An example of the rotatable chopper type surface potentiometer suitable for the control of the electrophotographic copying apparatus is shown in FIG. 2 and a measurement circuit is shown in FIG. 3. Designated by 101 is a rotatable chopper blade as shielding means for intermittently shielding the electric field between a surface to be measured 102 and a measurement electrode 103 to convert the electrostatic field based on the surface potential of the measured surface 102 into an alternating current and induce such current in the measurement electrode 103. Denoted by 108 is a DC source as bias applying means for applying a predetermined bias voltage to the chopper blade 101. Designated by 110 is the rotary shaft of the chopper blade 101 which is connected to drive means, such as a motor, not shown. A high impedance AC signal based on the difference in potential between the measured surface and the chopper is induced in the measurement electrode 103.
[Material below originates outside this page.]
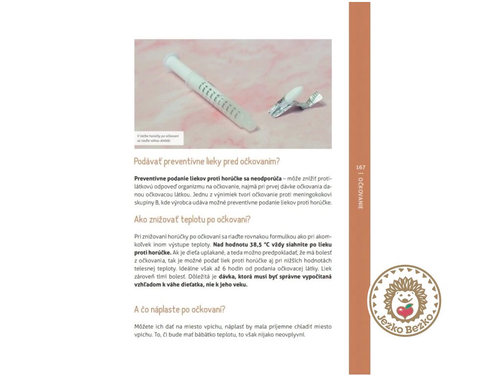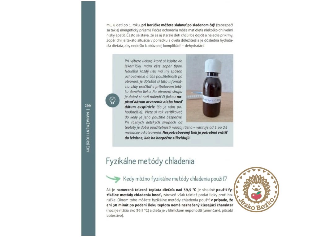 ako je to so sledovaním TV, s hračkami a vývojom reči. - Manažment horúčky – kapitola, združuje informácie o horúčke, ktoré by mal vedieť každý jeden rodič. Ponúka zoznam dostupných liekov a ich správne dávkovanie a užívanie. Dozviete sa tiež ako robiť zábaly či kedy ich vôbec nerobiť. Dočítate sa, aké sú najčastejšie otázky a chyby rodičov z praxe ohľadom znižovania teploty u detí a rôzne iné tipy z praxe.
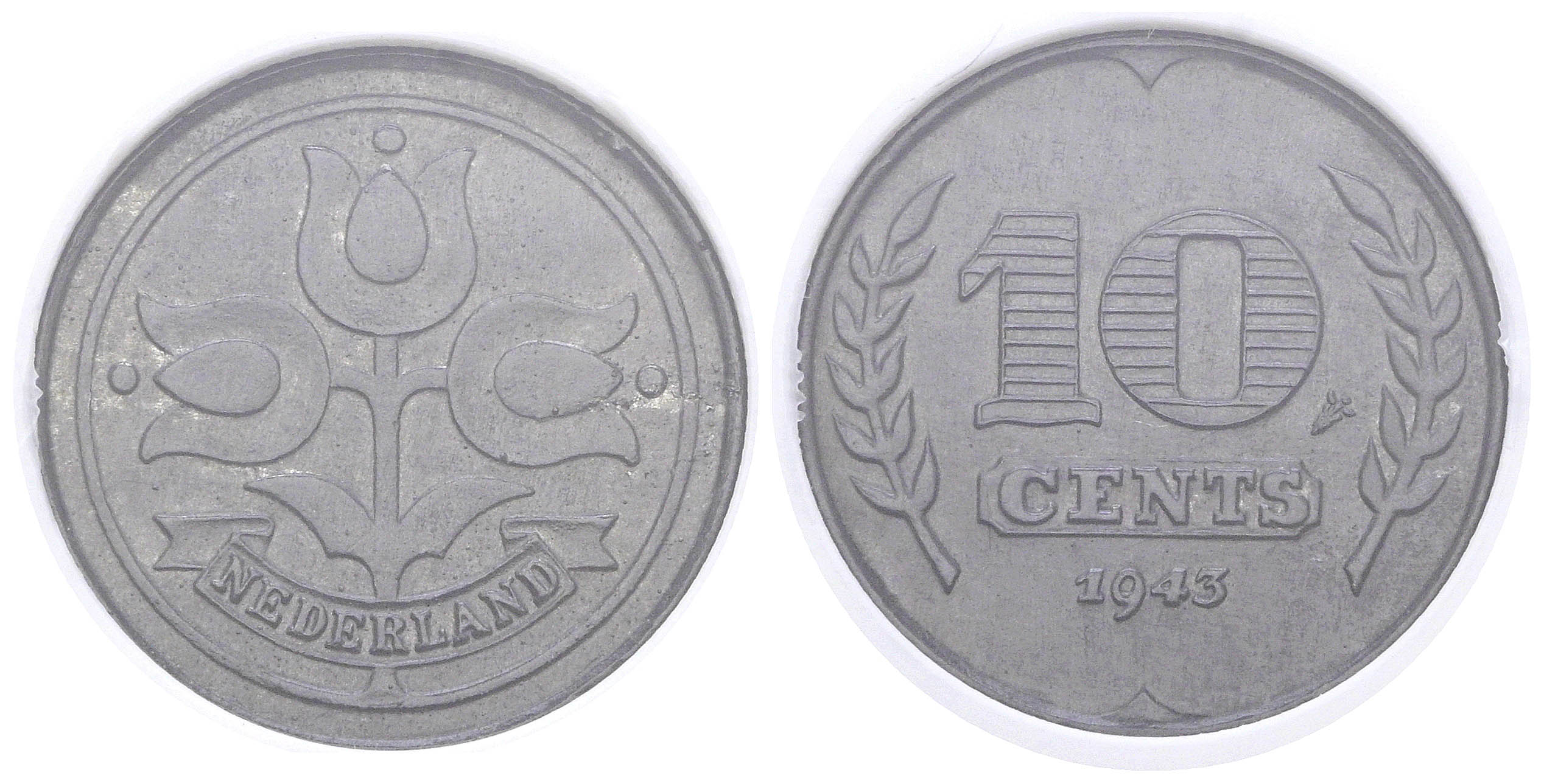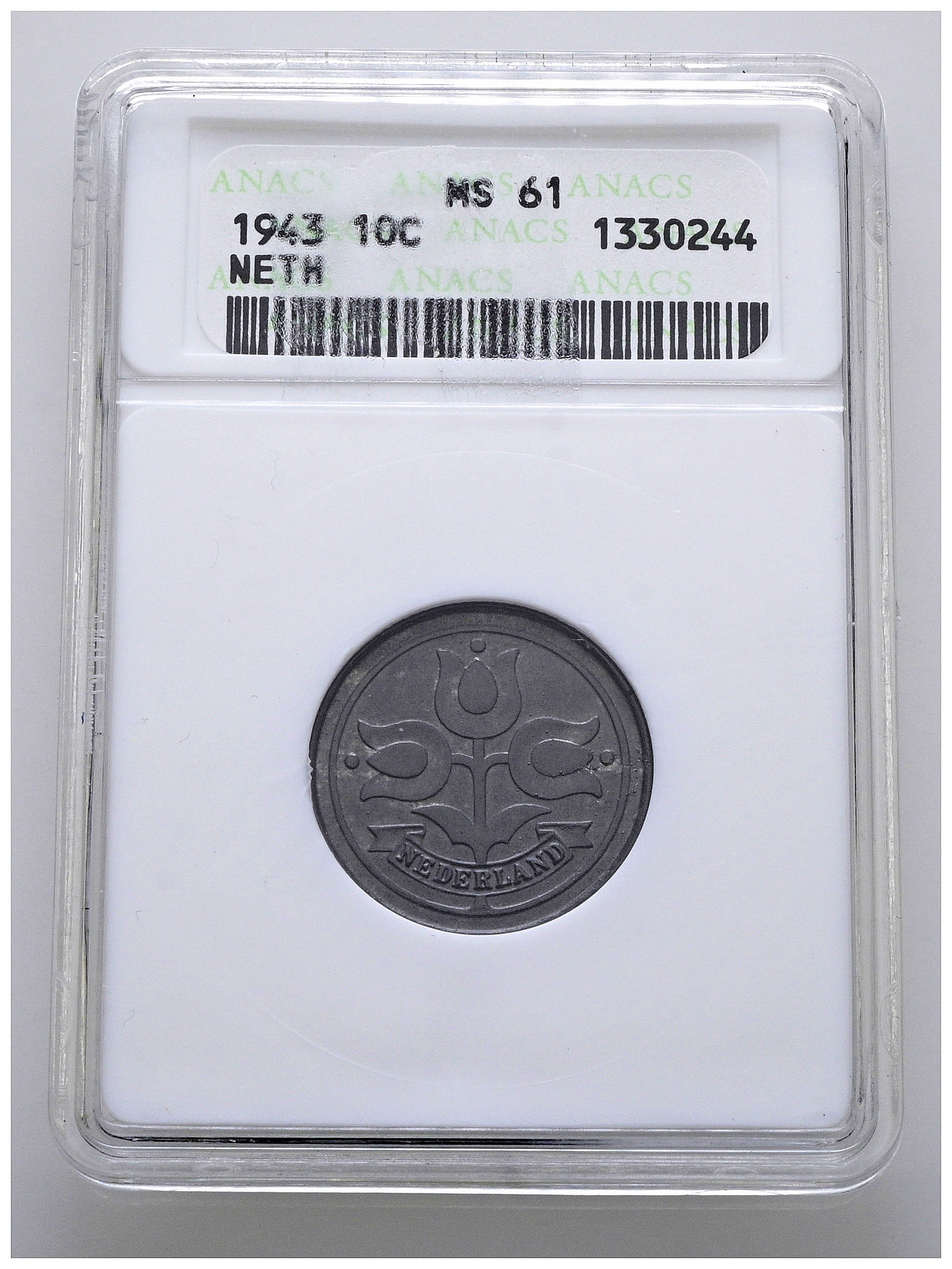 English NETHERLANDS. 10 Cents. (Zn. 3.30g/22mm)*. 1943. German occupation. (Km#173). Encapsulated by ANACS MS61. *Theoretical weight and dimensions.

A minute AC signal induced in the measurement electrode 103 is converted and amplified into a low impedance signal by an amplifier circuit 116 for effecting impedance conversion which is formed as by a field effect transistor (FET) or the like, and the output thereof is rectified by a rectifying diode 105. The rectified output is smoothed by a capacitor 113 and a high impedance amplifier 106. An inverted form of the voltage which will be put out at a terminal 107 when the potential of the measured surface 102 is tentatively zero volt is applied to a terminal 111. The operational amplifier 112 adds together the smoothed output and the output of the terminal 111 so that the output voltage at an output terminal 114 is zero volt when the potential of the measured surface is zero volt. That is, the amplifier circuit subtracts the voltage corresponding to the output of bias voltage VB from the rectified and smoothed output.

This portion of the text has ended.